• **YOUR ASSIGNMENT**: Using only the entries below, output the lines starting at the one containing "Linus Lööf blir" and ending at the one containing "Чашка алмазная KRANZ", exactly and inclusive of both, omitting the pictures.

+++ DATA SUPPLIED +++

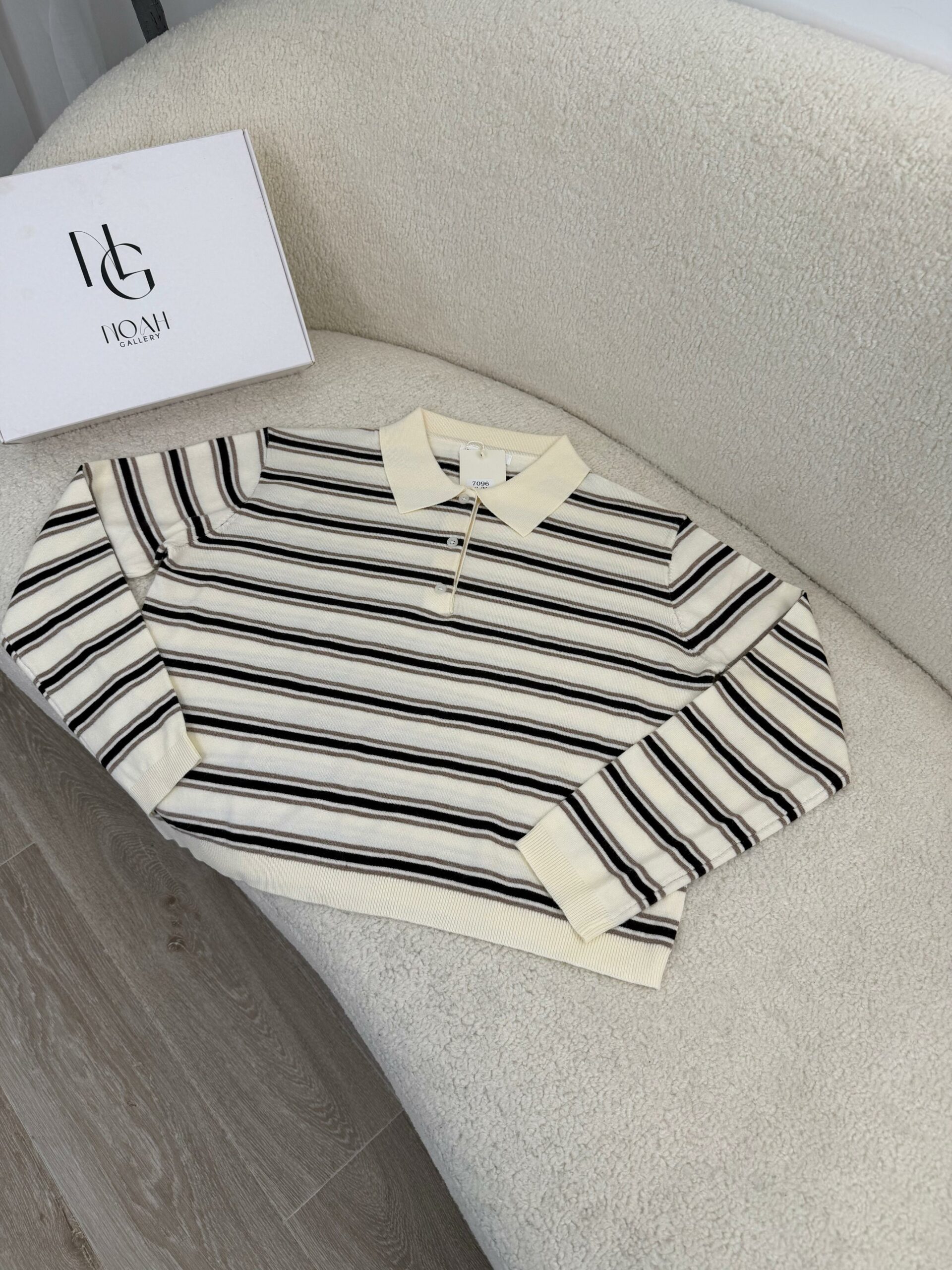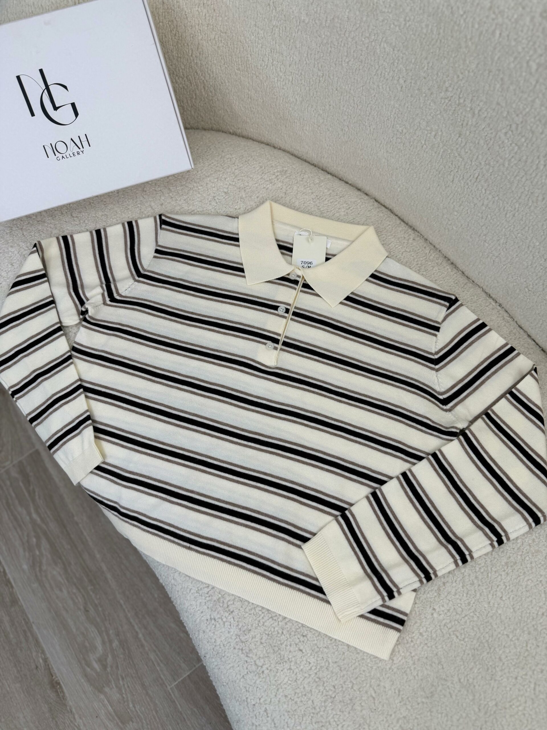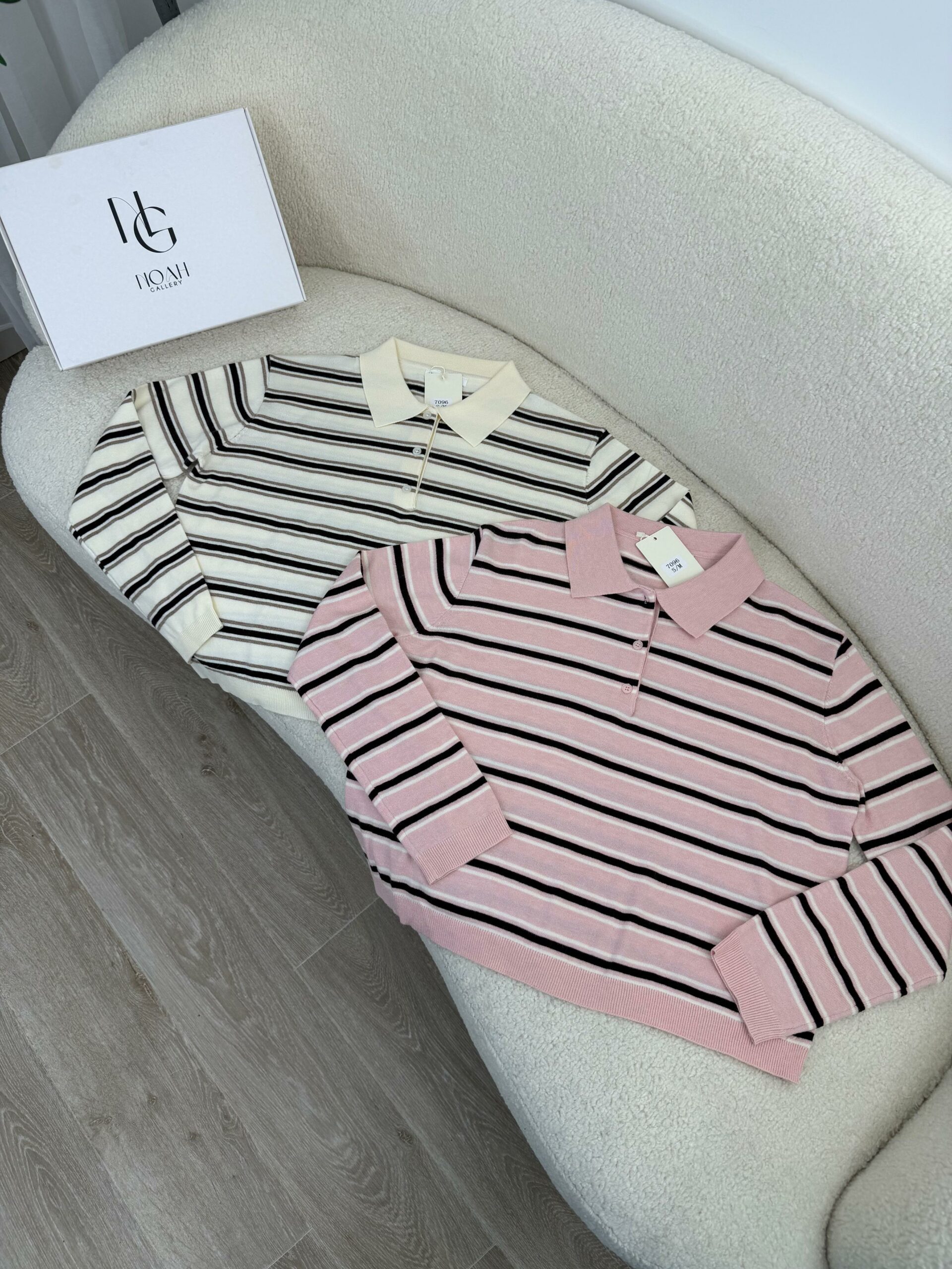 Le pull “Polo Rayé Chic” allie élégance et confort avec son col polo raffiné et ses rayures modernes. Sa matière douce et sa coupe soignée en font une pièce facile à porter au quotidien, parfaite pour un look casual mais stylé. Disponible en couleurs délicates, il apporte une touche fraîche et tendance à ta garde-robe.
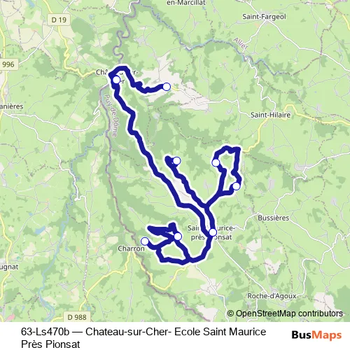 The first stop of the 63-Ls470b bus route is Villecheleix and the last stop is Ecole Saint-Maurice-près-Pionsat. 63-Ls470b (Chateau-sur-Cher- Ecole Saint Maurice Près Pionsat) is operational during tous les jours.
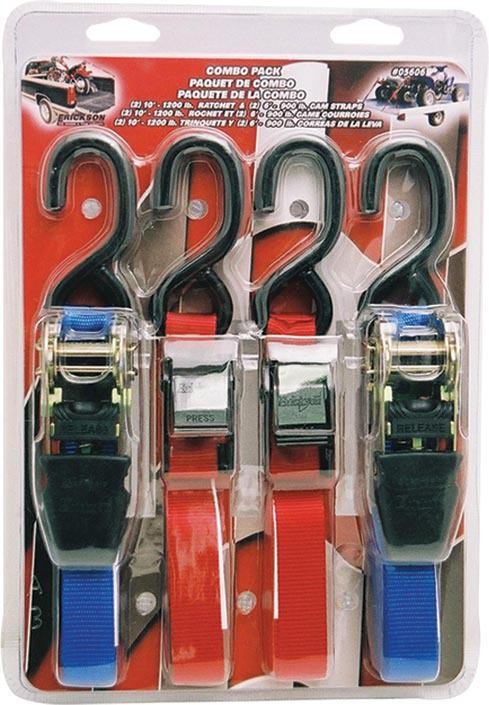 • Combo pack contains 2 each 1" x 10' 1200 lb. ratchet straps, 400 lb. SWL
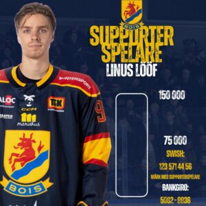 Linus Lööf blir årets supporterspelare! Linus gjorde en kanonsäsong säsongen som gick, och framför allt blev han bara bättre och bättre ju längre säsongen gick. Under slutspelet så centrade han Bois så vassa andrakedja, en kedja som fullständigt sprutade in poäng.
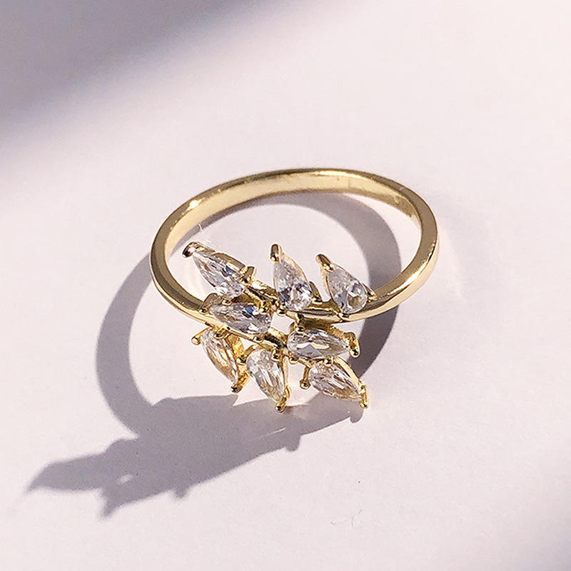 T0489 Women's 18K Gold Plated Crystal Rhinestone Plant Shape Gemstone Ring Prong Setting Everyday Wear
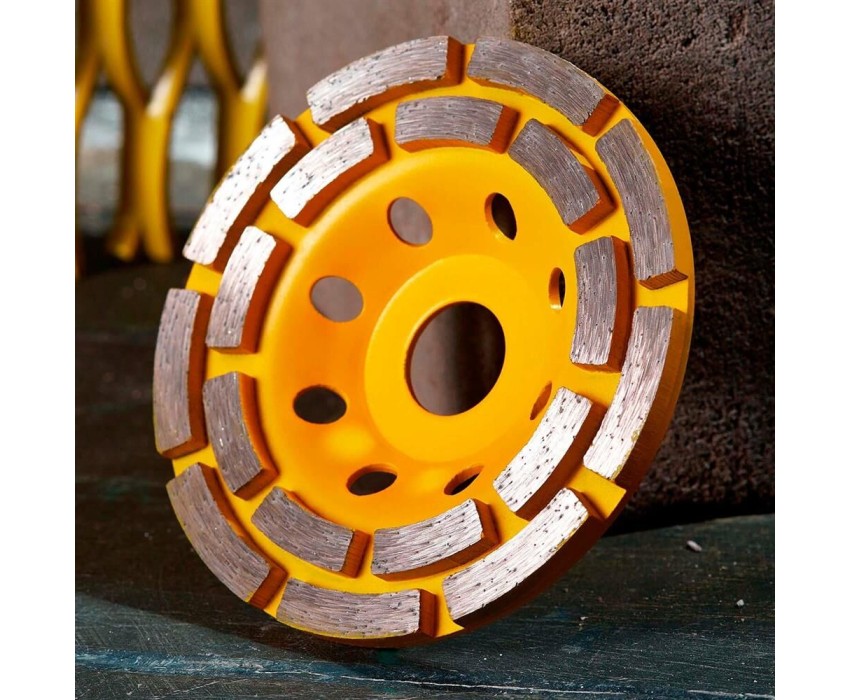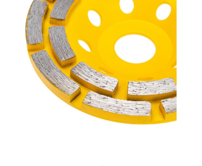 Чашка алмазная KRANZ используется совместно с угловыми шлифовальными машинами. Применяется для зачистки, выравнивания, снятия краски и шлифования поверхностей из бетонных материалов, гранита, природного и искусственного камня. Наличие двух рядов алмазов на рабочей поверхности ускоряет процесс шлифовки и повышает производительность. Инструмент отличается высоким длительным рабочим ресурсом. Не требует водяного охлаждения во время работ.
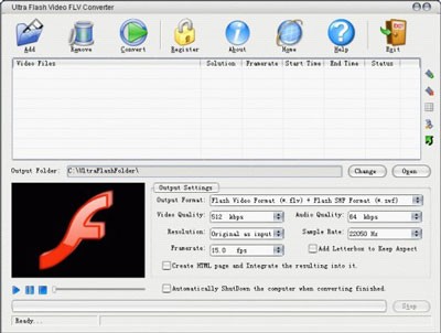 Với giao diện thiết lập đơn giản, chương trình giúp bạn chuyển đổi video thành các file FLV một cách nhanh chóng và thuận tiện. Kết quả là bạn sẽ có được những đoạn phim FLV và SWF chất lượng cao, sẵn sàng để chia sẻ trực tuyến.
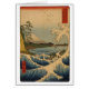 De Japanse druk ukiyo-E toont een uitzicht van Onderstel Fuji van Punt Satta in de Baai Suruga, met het breken van golven in de voorgrond. Titel: Het zee van Satta, Kunstenaar (Vertaalde) Suruga: Ando, Jaar Hiroshige: 1859

+++

• **ANSWER BELOW**:
 Linus Lööf blir årets supporterspelare! Linus gjorde en kanonsäsong säsongen som gick, och framför allt blev han bara bättre och bättre ju längre säsongen gick. Under slutspelet så centrade han Bois så vassa andrakedja, en kedja som fullständigt sprutade in poäng.
 T0489 Women's 18K Gold Plated Crystal Rhinestone Plant Shape Gemstone Ring Prong Setting Everyday Wear
 Чашка алмазная KRANZ используется совместно с угловыми шлифовальными машинами. Применяется для зачистки, выравнивания, снятия краски и шлифования поверхностей из бетонных материалов, гранита, природного и искусственного камня. Наличие двух рядов алмазов на рабочей поверхности ускоряет процесс шлифовки и повышает производительность. Инструмент отличается высоким длительным рабочим ресурсом. Не требует водяного охлаждения во время работ.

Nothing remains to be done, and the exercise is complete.